Tons of time and money have been spent over the years trying to get the tenants of 46th Street settled—to no avail. All the police raids couldn’t keep the “drug boys” from working the doorways. All the Department of Consumer and Regulatory Affairs (DCRA) inspections only wound up encouraging Linn to give up on his buildings.

Still more time and effort are going into making sure the tenants get past this eviction. Edwards, 33, has the assistance of a sympathetic building inspector, the rapt attention of a D.C. councilmember and his staff, and the good will of a public housing authority working at warp speed to get her and the other remaining tenants past the long wait for Section 8 housing vouchers. But all their efforts combined may not be enough to help Edwards and the other remaining tenants.

“See you all in the morning,” Linn hollers. “I’ll try not to wake you up.”

Edwards doesn’t miss the irony, but still partakes in niceties: “Thank you, Jim,” she says softly.

Her temporary apartment isn’t fit for rats, let alone one-night stands: Dog hair coats all of the floor space; roaches and flies own the kitchen. A tub of Tater Fries and a 20-ounce bottle of St. Ides rest in the warm refrigerator. Locked in another room, a dog abandoned by the apartment’s previous occupant barks wildly.
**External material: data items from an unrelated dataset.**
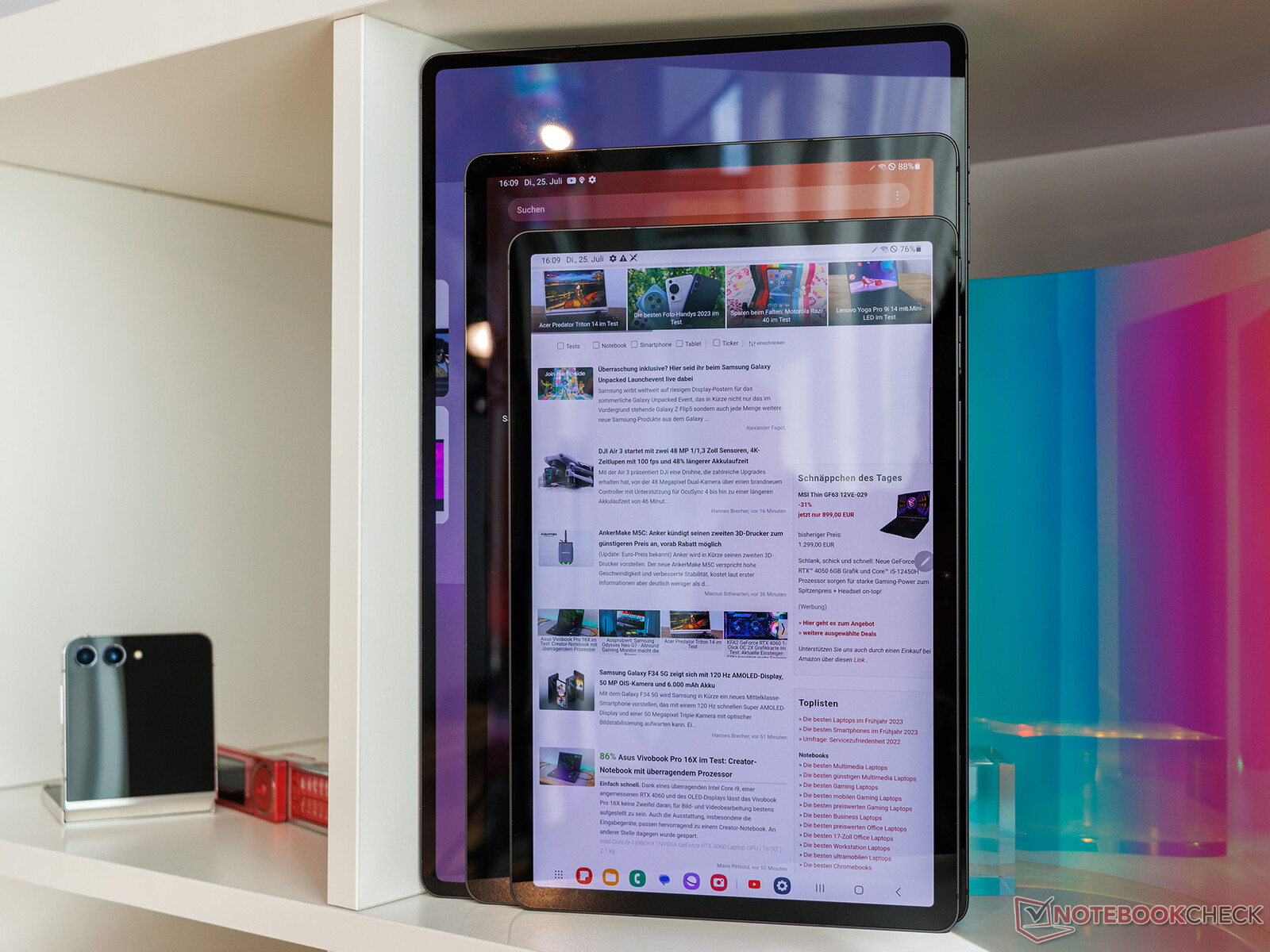Samsungs Premium-Tablets sollen sich aber vor allem auch durch viele kleine Details von ihren größtenteils deutlich billigeren Konkurrenten aus China absetzen und hier setzt Samsung 2023 vor allem auf eine bessere App-Optimierung, bessere Stiftbedienung und natürlich sein Galaxy Ökosystem. Samsung zufolge wurden und werden 3265 der am meisten genutzten Android-Anwendungen zunehmend für Tablets optimiert, im Vergleich zu 2022 sei man 2023 auf diesem Weg bereits deutlich weiter. 25 Prozent dieser Anwendungen seien bereits voll optimiert, 51 Prozent zusätzlich dank Samsung Labs besser in Multitasking-Szenarien nutzbar.
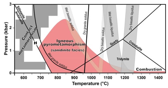 Pyrometamorphism is a type of thermal metamorphism involving very high temperatures—often to the point of melting in suitable lithologies at low pressures—that has been extensively reviewed by Grapes [1]. Pyrometamorphic rocks are micro-cryptocrystalline to glassy, as the result of processes of recrystallization and melting/crystallization under high temperature/low pressure conditions. The term pyrometamorphism (from the Greek pyr/pyro: fire; meta: change; morph: shape or form) was first used by Brauns [2] to describe high temperature changes taking place at the immediate contact of magma and country rocks with or without metasomatic processes. The high temperatures can be provided by magma (i.e., igneous pyrometamorphism), spontaneous combustion of coal, carbonaceous sediments, oil and gas (giving rise to the so called paralavas), or lightning that strikes at the surface. All of these conditions characterize the sanidinite facies of metamorphism (Figure 1).
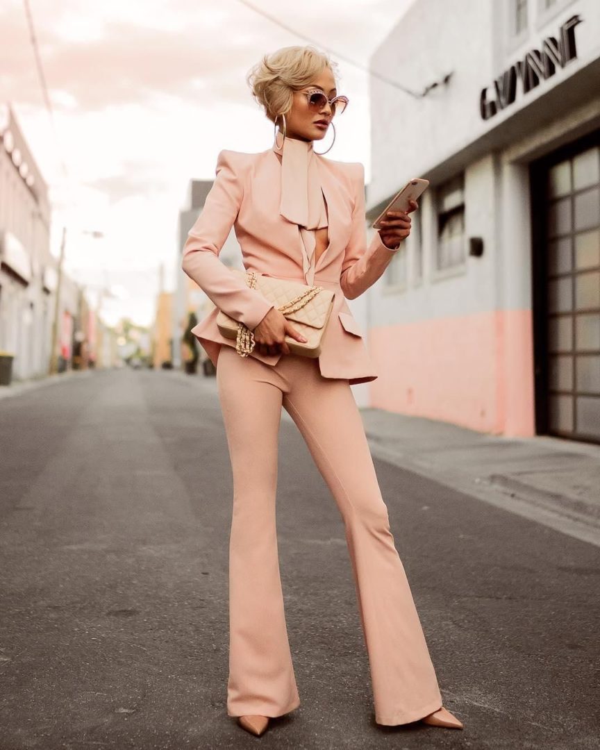 Самыми модными оттенками уличного стиля грядущей весны будут спокойные и постельные тона. Преобладание в одежде прозрачных тканей придает изделию обворожительный вид. К цветам образа подбирается топ с принтом, блузка с брошью, чтобы подчеркнуть изысканный вкус модницы. Актуальные цвета весны — это сияющие и сверкающие тона, которые дополняют спокойные цвета элементов одежды.
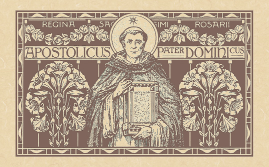 * Born in Calaruega, Spain, Dominic (1170-1221) is remembered for combating the Albigensian heresy, his learning, and his love of poverty. He founded the second of the "mendicant" or "begging" orders of the Catholic Church after the Franciscans, the Order of Preachers, known as the "Dominicans" or "Black Friars" because of the color of the choir mantel worn over their familiar white habit. He is often credited in popular devotion for having a role to play in the development of the most holy Rosary, though this is not supported by any actual historical evidence.
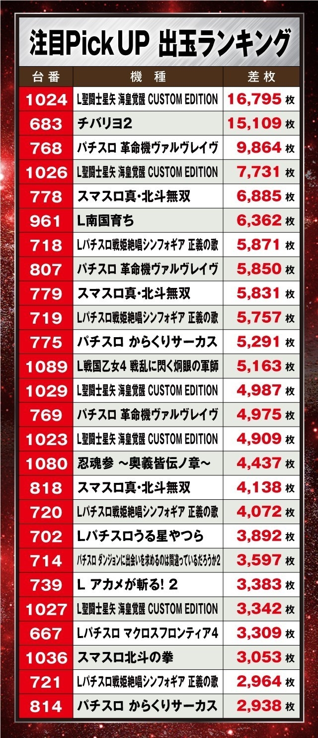 この日、出玉ランキング1、2位にランクインしたのは『L聖闘士星矢 海皇覚醒 CUSTOM EDITION』と『チバリヨ2』の2機種で、ともに+15,000枚超という圧巻の結果を叩き出しているだけにファンも大満足の一日となっただろう。
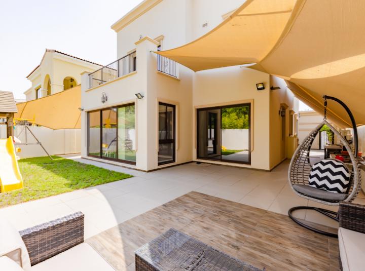 With a built up area of over four thousand six hundred square feet it just feels bigger in person. The park and community pool are right there so views go out to green treetops and sometimes you catch the sound of people laughing in the background from the pool. On weekends it is not uncommon to see families setting up picnics and kids making loops on their bikes. There is a real community feel here but it is not loud or busy which is harder to find in Dubai. The Arabian Ranches 2 Souk is close by for picking up groceries or an afternoon coffee and sometimes you run into a neighbor or two at the cafe. It is quiet enough to unwind but not empty either.
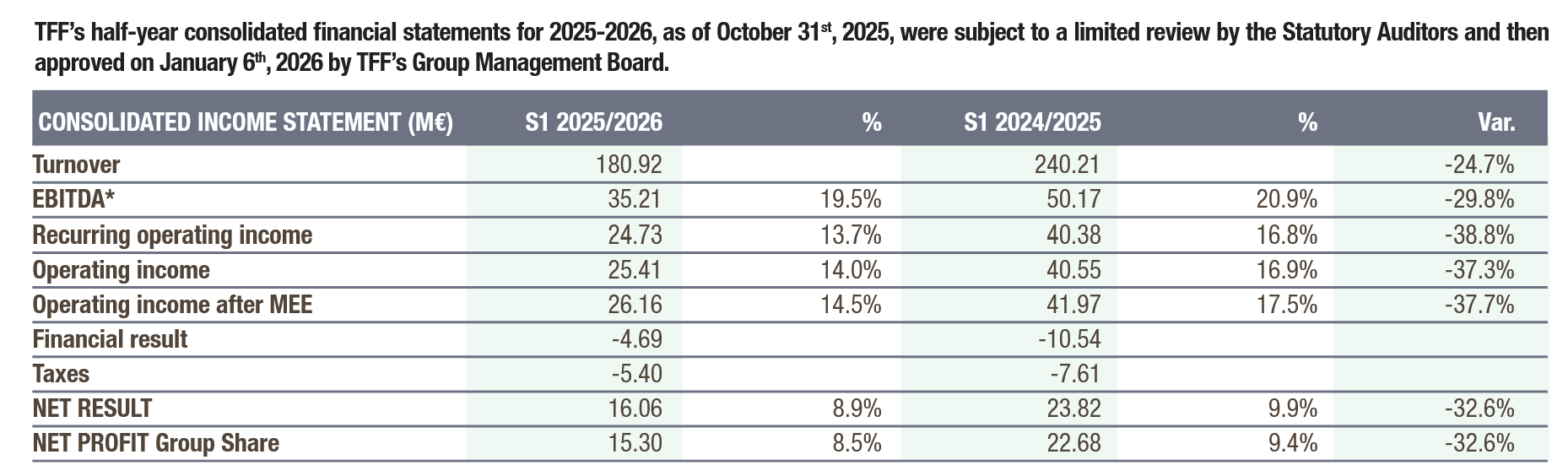 TFFs outlook for the rest of the financial year was somehow a little bit optimistic as after a -25% revenue decline in the first 6 months, they now guide for -20-25% for the full year:
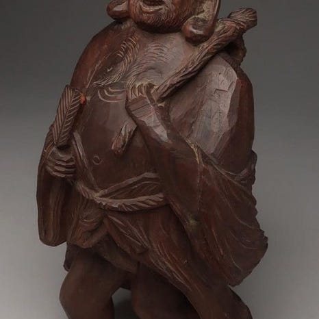 Overfladen langs siderne er udsmykket i lav relieff med en række lykkebringende skatte forbundet med de Syv Lykkelige Guder 七福神 (Shichifukujin), såsom den magiske hammer 打ち出の小槌 (uchide nokozuchi) af Daikokuten 大黒天, stofposen 布袋 (nunobukuro) af Hotei, en fersken af udødelighed fra Jurōjin 寿老人, og nøglen til skattehuset 倉の鍵 (kura no kagi) af Benzaiten 弁才天.
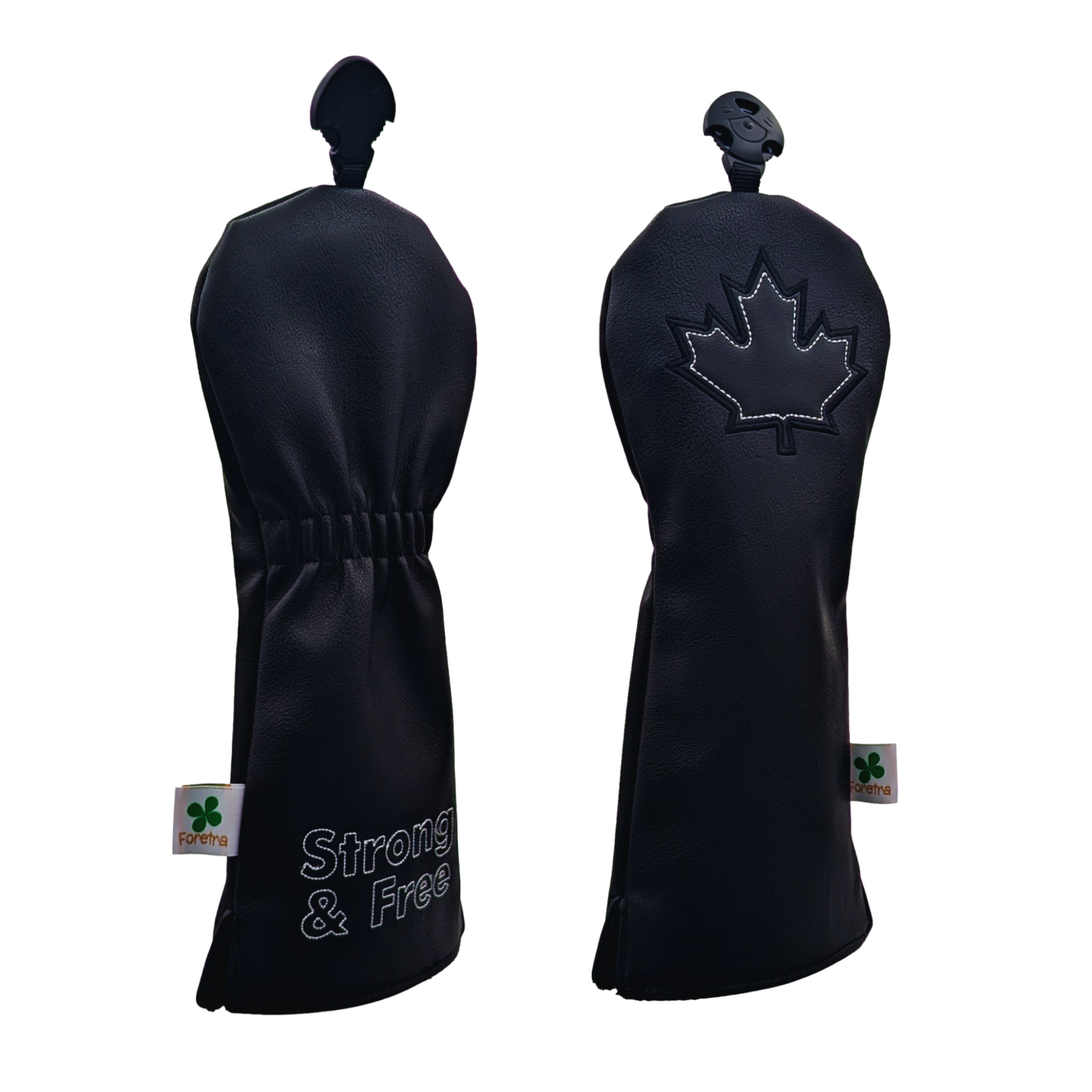 Designed for those who wear their pride with purpose, the Canada Black Maple Leaf Fairway Wood Headcover delivers a sleek look with powerful meaning. Featuring the iconic black-on-black maple leaf embroidery up front and Strong & Free stitched boldly on the back, it’s built to protect your fairway wood while honoring your roots in style. Durable, snug, and made for golfers who prefer gear that speaks softly—but carries weight.
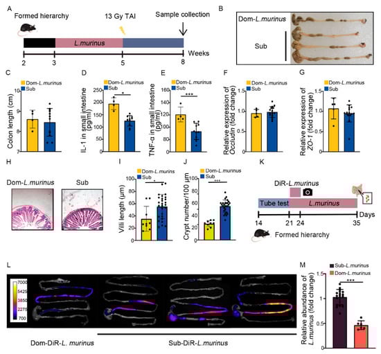 Radioprotection from L. murinus is not obvious for Dom mice. (A) Experimental protocol. (B) Photographs of dissected colons. (C) Statistical comparison of colon lengths between the two groups. (D,E) The protein levels of IL−1 and TNF−α in the small intestine were measured by ELISA. (F,G) The mRNA expression levels of occludin and ZO−1 in small intestinal tissues from Dom mice treated with L. murinus and Sub mice were examined by qRT−PCR. (H) The morphology of the small intestine was revealed by H&E staining. (I) Length of villi in small intestinal tissues. (J) Numbers of crypts in small intestinal tissues. (K) Experimental protocol. (L) In vivo fluorescence imaging performed on Dom and Sub mice after DiR−labeled L. murinus administration. (M) Relative abundance in small intestines of Dom and Sub mice after L. murinus administration, according to q−PCR. Statistically significant differences are indicated: Student’s t test, n = 4 in Dom group, n = 12 in Sub group, * p < 0.05 and *** p < 0.001.

With her youngest kids asleep on a single mattress, Edwards realizes she needs water. She walks past boys selling pills in the apartment’s entrance, across East Capitol Street to a friend’s house. She says the simple chore takes an hour—though the next morning Harvey will add that she was a little “tipsy,” too. By 12:30 a.m., Edwards nudges Harvey, who’s passed out in a beat-up chair: “Baby. Come on.” She lies down a mattress on top of the dog hair, broken bits of glass, and grime. It’s time for bed.

Edwards had four kids and a nasty coke habit when she met Harvey. She had graduated from McKinley High School in 1984 and bounced through a downward spiral of nursing school (she didn’t finish), word processing classes (she wasn’t interested), pregnancies, homeless shelters, and friends’ houses. Nothing lasted, except the drugs. She ended up staying at a house across the street from her current building. “[The house] was too much men, too much alcohol,” she says. Now Edwards says she wants to quit drinking and adds that she’s planning to start attending an alcohol treatment program.

Harvey, 43, was equally scattered. A big, muscular man, he played football for Bowie State. But when he ran out of money for school, he had to drop out. He played semi-pro ball and toyed with the idea of trying out for the USFL. But when he tried to settle a fight with a neighborhood kid on Jasper Street SE, a bullet in his gut cost him a kidney and his football career. He took a job as a carpet layer, which can pay as much as $16 an hour. The work isn’t steady, but he’s had it ever since.

It wasn’t until he ran into his old acquaintance Edwards one night in Marshall Heights that things started to click. Harvey likes to say their relationship was “love at first sight all over again.”

Edwards soon graduated from a rehab program at D.C. General Hospital. Through a friend, the pair got an apartment in the complex on 46th Street SE. Their rent was $500 a month.

The two tried to make their place their own. Harvey laid wall-to-wall rose-colored carpeting (No. 2 grade, thick carpet) and put in matching bamboo furniture with pink-and-blue cushions. “Everybody that visited loved it,” says Harvey. For a while, that is. Harvey and Edwards both admit the complex had problems—there were drug dealers constantly cruising—but they say the buildings really started to go bad a year later, when Linn took over the property.

A major in the Air Force, Linn bought the complex for roughly $250,000. He says he intended to rehab the buildings as condos, sell them to the residents, and walk off with his retirement nest egg. But Linn knew neither the neighborhood nor his apartments very well. He didn’t bother to find out that these buildings had been on a decadelong slide into crack houses. He says that his business partner—conveniently now long gone—told him it was a good investment. Linn, 48, says he didn’t have a clue what he was getting into.

Residents say that almost every apatment had broken windows. Smoke detectors didn’t work or simply disappeared. Trash piled up for days. Todd Jefferson, 49, a resident and former maintenance man at the complex, remembers tumbling chunks of plaster, sporadic electricity, and perpetually broken locks. Eventually, the majority of residents stopped paying rent, and Linn stopped paying attention to his buildings at all.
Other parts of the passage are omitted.